Он увидел меня и стал широкими спиралями набирать высоту, а я начал такими же кругами снижаться с онлирской высоты. И где-то на грани двух миров мы закружились в воздухе, друг возле друга, как два орла в поднебесье.

— Зачем ты хочешь вернуться к детству? Снова желаешь прожить свою жизнь? Или заново? — спрашивал мой ангел-хранитель

— Нет. Жизнью своей я доволен. Не хочу прожить ее ни по-другому, ни заново. Я прошу вернуть меня всего на один определенный день.

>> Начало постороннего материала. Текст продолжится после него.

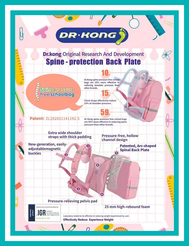 - Waist Belt: helps to reduce the part of the weight of the school bag by transferring it to the pelvis, reduces pressure on the shoulder

— Что ты потерял в этом дне? Что ты там забыл? Какие радости рая?

— Их нет на земле.

— Ты понимаешь, что в тот день я уже не смогу защитить тебя? И если в том дне, куда ты вернешься, ты нечаянно погибнешь, то уже ничего не будет из того, что ты наработал во всей твоей остальной жизни. Судьба твоя будет вырезана из вселенской Всемирной Паутины.

— Надеюсь, Бог помилует меня, — ответил я, однако весь похолодел от страха.

— Ну будь по-твоему. Под занавес на один день отпускаю тебя погулять без моей защиты. Иди в свое детство и постарайся не погибнуть в нем.

Обменявшись такими словами на том языке, на котором изъясняются меж собой звезды, деревья, боги, ангелы, звери и люди-прозорливцы, мы с моим ангелом-хранителем Сергием уже хотели разлетаться в разные стороны и делали над горами Алатау прощальные круги друг возле друга. Все твари, смотревшие на нас снизу, с земной поверхности, — суслики, куропатки, дрофы, олени, сайгаки, волки, овцы, лисицы, зайцы и человеки — полагали, что два беркута описывают неспешные круги в воздухе небес, спокойно обсуждая меж собою какие-то свои орлиные дела.